Long term, obviously one has to be on the medication for a long time, but as I said compared to pre-transplant, it’s nothing compared to it. It’s just a handful of medicines and that one takes depending on blood pressure, etcetera. But it’s a totally different lifestyle. The quality of life is transformational. It’s just the one word I could use.


There is a lot of information on religious perspectives and organ donation. Deepak believes...


There has again been a fair amount of research done. There was a conference a few years ago that I was involved in which looked at the inter-faith perspective on organ donation. It should be available on the web actually. It was a whole report that was up in Bradford, the conference and all the different religions, Jewish, Buddhists, Zoroastrian. We had all different leaders giving their perspective.

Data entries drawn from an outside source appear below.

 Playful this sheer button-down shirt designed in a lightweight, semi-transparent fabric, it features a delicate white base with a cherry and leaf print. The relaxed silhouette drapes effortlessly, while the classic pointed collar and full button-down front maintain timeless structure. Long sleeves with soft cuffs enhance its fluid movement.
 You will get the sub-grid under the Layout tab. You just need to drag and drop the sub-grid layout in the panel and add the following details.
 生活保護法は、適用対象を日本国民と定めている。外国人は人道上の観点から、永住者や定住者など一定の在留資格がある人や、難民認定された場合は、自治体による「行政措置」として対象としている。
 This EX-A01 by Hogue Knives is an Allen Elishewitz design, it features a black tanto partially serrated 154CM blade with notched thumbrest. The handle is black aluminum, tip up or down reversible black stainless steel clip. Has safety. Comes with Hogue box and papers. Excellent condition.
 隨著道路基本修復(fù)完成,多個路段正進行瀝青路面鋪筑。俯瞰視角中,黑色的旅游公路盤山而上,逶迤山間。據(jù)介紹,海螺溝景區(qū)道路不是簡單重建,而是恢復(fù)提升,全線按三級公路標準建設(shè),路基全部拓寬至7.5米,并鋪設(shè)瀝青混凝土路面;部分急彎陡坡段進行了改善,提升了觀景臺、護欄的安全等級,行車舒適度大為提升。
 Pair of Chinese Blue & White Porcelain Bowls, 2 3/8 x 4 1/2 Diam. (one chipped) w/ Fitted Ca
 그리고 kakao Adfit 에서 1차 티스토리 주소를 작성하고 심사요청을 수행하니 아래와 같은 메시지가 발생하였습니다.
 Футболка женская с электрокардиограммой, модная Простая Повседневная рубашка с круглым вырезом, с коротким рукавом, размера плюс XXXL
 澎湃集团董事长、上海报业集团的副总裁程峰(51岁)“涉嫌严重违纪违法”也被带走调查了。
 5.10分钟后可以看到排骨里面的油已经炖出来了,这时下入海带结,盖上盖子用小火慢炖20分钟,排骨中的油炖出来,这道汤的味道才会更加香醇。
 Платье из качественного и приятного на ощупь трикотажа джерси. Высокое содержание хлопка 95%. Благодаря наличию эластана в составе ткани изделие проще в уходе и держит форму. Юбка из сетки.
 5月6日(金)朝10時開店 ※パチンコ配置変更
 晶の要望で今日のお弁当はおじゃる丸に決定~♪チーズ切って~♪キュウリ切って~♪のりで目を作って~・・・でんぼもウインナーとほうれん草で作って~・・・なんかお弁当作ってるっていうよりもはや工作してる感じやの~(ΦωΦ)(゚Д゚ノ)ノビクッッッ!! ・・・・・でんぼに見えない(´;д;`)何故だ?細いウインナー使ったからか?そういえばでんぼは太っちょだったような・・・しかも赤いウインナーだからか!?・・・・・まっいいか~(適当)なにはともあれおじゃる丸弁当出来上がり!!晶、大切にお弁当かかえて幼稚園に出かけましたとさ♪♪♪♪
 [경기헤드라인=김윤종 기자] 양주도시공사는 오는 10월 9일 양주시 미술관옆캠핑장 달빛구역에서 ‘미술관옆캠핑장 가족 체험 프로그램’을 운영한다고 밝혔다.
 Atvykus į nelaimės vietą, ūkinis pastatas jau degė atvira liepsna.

Now that’s research material. They have gone through the religious books and they have studied it, and they are making these recommendations. So I would encourage you know, the NHS has also created leaflets of other faiths, a faith’s perspective on organ donation. Which are available in some of the hospitals, especially where there are large faith-based communities. And get a hold of those. They’re fairly basic but it gives you a good starting point. And then of course find out for yourself, resolve within yourself.

But I would encourage you, in my understanding, in my fifteen years of being in this area, number 1 most people don’t mind giving of their organs. Yes because of religious reasons, other reasons perhaps 10 to 15% of the population might object to it. But don’t let that stop you from registering because story after story can be told of people who have unfortunately passed away. And one of the biggest legacies they have left behind is that they’re signing the organ donor has allowed people like me and many others, up to seven people, who might benefit from an organ, whether it be a heart, whether it be a cornea, a kidney etcetera.

So it’s probably the biggest legacy we can leave behind. And, as one campaign said a few years ago when I was involved with National Transplant Week, ‘Don’t take your organs to Heaven, Heaven knows we need them down here’. And I think that really captures whatever religion, faith, background you are, that captures the essence of why we’re doing this.